Growing up in Calgary in the '60s meant the Stampede and it's annual kickoff parade was a highlight. Having Bobby Kennedy leading one parade in an open convertable and waving directly to us kids sitting on an elevated awning over a store entry, complete with his photogenic toothy grin, was unforgettable.
A few weeks later he was assasinated, which etched the images deeper into my memory.
By about age 12 the Stampede was wearing old, and by 14 I became more interested in being a rocker just when Eric Clapton and the Cream came to town as relative unknowns on their first world tour.
A decade later I moved to Vancouver and have felt more at home. Whenever I visited family during Stampede over the next 45 years I saw it increasingly as a silly event, petroleum executuves and working class mechanics and clerks alike dressing up as fake cowboys and cowgirls. It's basically an excuse to party and listen to terrible music.
Another indelible memory is the smell of sour gas enveloping the suburbs and the sound of the Western Canada Concept Party officials whining and complaining on a.m.radio about the feds with the same tone as pulput pounding prairie preachers. That has never stopped.
In my view, oil and gas have had a long life, much, much too long. They now have very serious problems they have no intention to address. The longer they try to hang on, the harder will be their fall. And the saddest part is that they will drag an entire province down with them.

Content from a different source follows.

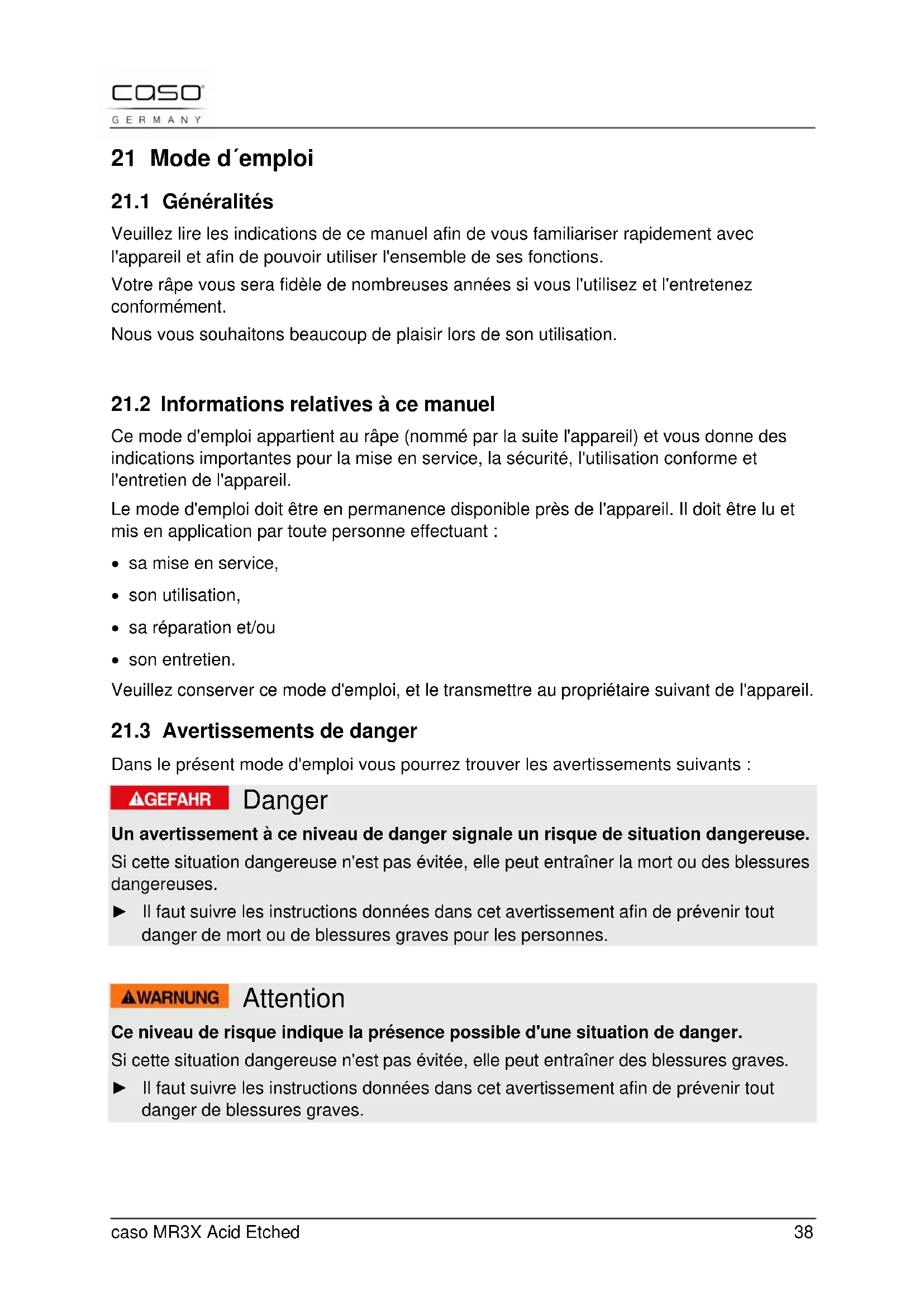 Dans le présent mode d'emploi vous pourrez trouver les avertissements suivants : Danger Un avertissement à ce niveau de danger signale un risque de situation dangereuse. Si cette situation dangereuse n'est pas évitée, elle peut entraîner la mort ou des blessures dangereuses. ► Il faut suivre les instructions données dans cet avertissement afin de prévenir tout danger de mort ou de blessures graves pour les personnes. Attention Ce niveau de risque indique la présence possible d'une situation de danger. Si cette situation dangereuse n'est pas évitée, elle peut entraîner des blessures graves. ► Il faut suivre les instructions données dans cet avertissement afin de prévenir tout danger de blessures graves.caso MR3X Acid Etched 39 Prudence Ce niveau de risque indique la présence possible d'une situation de danger. Si cette situation dangereuse n'est pas évitée, elle peut entraîner des blessures légères ou superficielles. ► Il faut suivre les instructions données dans cet avertissement afin de prévenir les blessures de personnes. Remarque Cette indication est accompagnée d'informations complémentaires pour faciliter l'utilisation de l'appareil.

China, of all nations, is now in the lead in replacing fossil fuels with renewable electricity and is making a direct effort to take its massive industrial effort in solar, wind, EVs and batteries to the developing world as a long term strategy while the US is turning back to last century's carbon.
Alberta will be left in a state of decline, or at least with a stagnant oil market while it clings to the
US domestic market for heavy oil.
Most of Alberta's oil patch companies are US owned. So, what does all that mean to those who profess a concern for Alberta's future?